> **Supplied records**
● ● ● ● ●

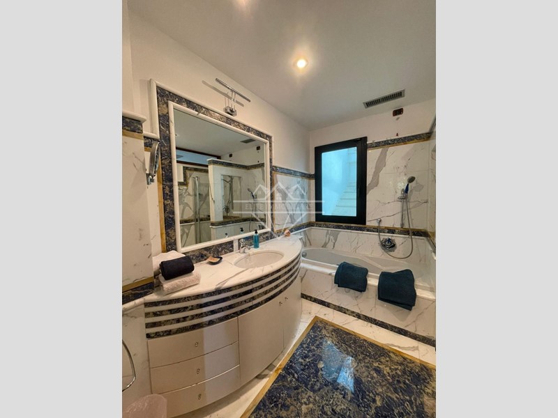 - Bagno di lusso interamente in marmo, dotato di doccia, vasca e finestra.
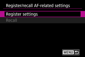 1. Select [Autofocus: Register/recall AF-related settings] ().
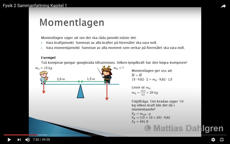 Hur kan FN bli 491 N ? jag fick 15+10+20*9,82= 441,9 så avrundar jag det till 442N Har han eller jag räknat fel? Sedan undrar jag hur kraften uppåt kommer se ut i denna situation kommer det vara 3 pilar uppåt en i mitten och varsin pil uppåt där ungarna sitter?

● ● ● ● ●

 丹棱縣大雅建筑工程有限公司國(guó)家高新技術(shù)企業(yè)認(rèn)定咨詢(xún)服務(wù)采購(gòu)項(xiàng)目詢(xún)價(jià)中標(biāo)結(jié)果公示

● ● ● ● ●

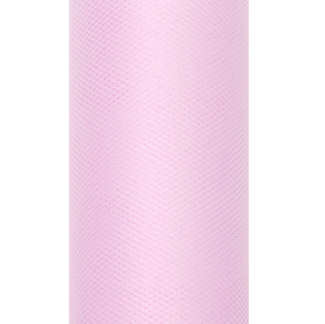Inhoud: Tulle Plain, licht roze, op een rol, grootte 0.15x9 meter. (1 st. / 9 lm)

● ● ● ● ●

> **Try it**
Only the lines above from the one with "- Bagno di lusso" to the one with "Hur kan FN bli" should be printed, both included and exactly as written; no picture belongs in the copy.

> **Response area**
 - Bagno di lusso interamente in marmo, dotato di doccia, vasca e finestra.
 1. Select [Autofocus: Register/recall AF-related settings] ().
 Hur kan FN bli 491 N ? jag fick 15+10+20*9,82= 441,9 så avrundar jag det till 442N Har han eller jag räknat fel? Sedan undrar jag hur kraften uppåt kommer se ut i denna situation kommer det vara 3 pilar uppåt en i mitten och varsin pil uppåt där ungarna sitter?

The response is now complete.